RE: TCP-performance-based routing metric thought

Stefan Savage (savage@cs.washington.edu)
Tue, 20 Oct 1998 09:19:27 -0700

The other problem is that even with the "epsilon-fix" to drop rate,
there is a magnitude bias in our data towards drop rate that we're not
comfortable with. Almost any metric that incorporates drop rate will
make us take alternate paths with slower than normal RTT's. Our drop
rate samples have a couple of problems:
1) They have more error in them (we need many more samples to
differentiate small changes in drop rate)
2) I assert that they're more load sensitive than latency (as
you increase load, latency will increase up to "pkt service time*q
depth"... I don't think this will generally be more than a factor of two
greater than propagation delay. On the other hand, as you increase
load, drop rate will climb to infinity. Almost anything is bigger than
epsilon, or even 1%.)

For now I think we should stick with the hybrid metric or just straight
latency.

- Stefan

-----Original Message-----
From: Neal Cardwell [mailto:cardwell@cs.washington.edu]
Sent: Tuesday, October 20, 1998 2:42 AM
To: syn@cs
Subject: TCP-performance-based routing metric thought

here's another possiblity for routing metric: use the Padhye model (or
whatever model i settle on this week for my quals project, if it seems
ok)
except either

1) for paths with measured loss probabilty = 0, use loss probability =
epsilon, where epsilon = 10^-5 or 10^-6 (the easy, cheesy way)

or, more interestingly,

2) for all paths, instead of using the measured loss rate, p, as the
loss
rate estimator, be conservative and use the top of the 95% confidence
interval of the estimated p.

ex:

n = 100 ping samples, y = 0 dropped of those n
--> alpha=95% confidence interval for loss rate (p. 278 in my ugrad
stat text): (0, 0.037)

n = 100 samples, y = 1 dropped
--> alpha=95% confidence interval for loss rate: (<something>, 0.054)

n = 1000 samples, y = 0 dropped,
--> interval is (0, .0038)

n = 10 ping samples, y = 0 dropped
--> interval: (0, 0.278)

n ping samples, y = 0 dropped
--> interval: (0, (1.96)^2 / (n + (1.96)^2)) ~= (0, 4/(n+4))

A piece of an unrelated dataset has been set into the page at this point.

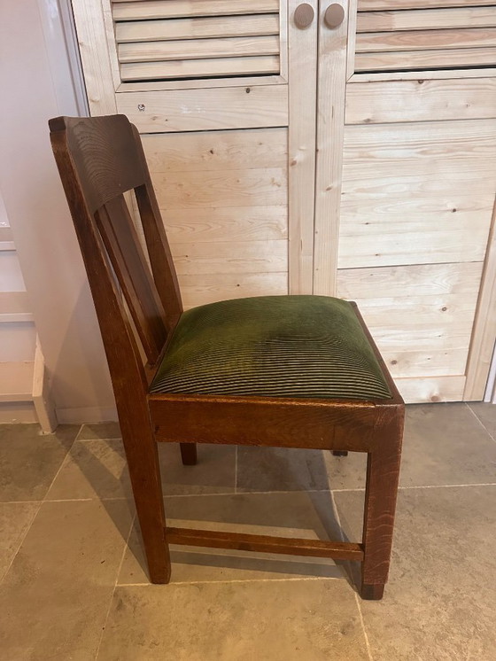 Sedie Art Déco in rovere con rivestimento in velluto verde. Circa 1920-1930, stile Scuola di Amsterdam.

the advantage of this scheme is that we get to use a real TCP
performance
prediction formula, and we have a consistent way to pick routes, no
matter
what the loss rate, that is based on our estimate of the loss rate, and
modulated by our confidence in this estimate. the disadvantage is that
it
involves a nontrivial amount of computation - maybe 20 fp ops to
calculate
the confidence interval.

another feature, maybe good or bad: it is heavily biased against paths
about which we have little info, and therefore few samples (since having
few samples dramatically inflates the confidence interval). this may be
exactly the stabilizing hysterisis kinda thing we want, since it will
keep
us using the current paths as long as we know they are good, and we'll
only flap to the path less traveled once we somehow get enough samples
from it to decide that its loss rate is definitely low and stable. and
then again, it may not be what we want, because it will tend to
discourage
us from using potentially great, but as-yet-untried, paths.

neal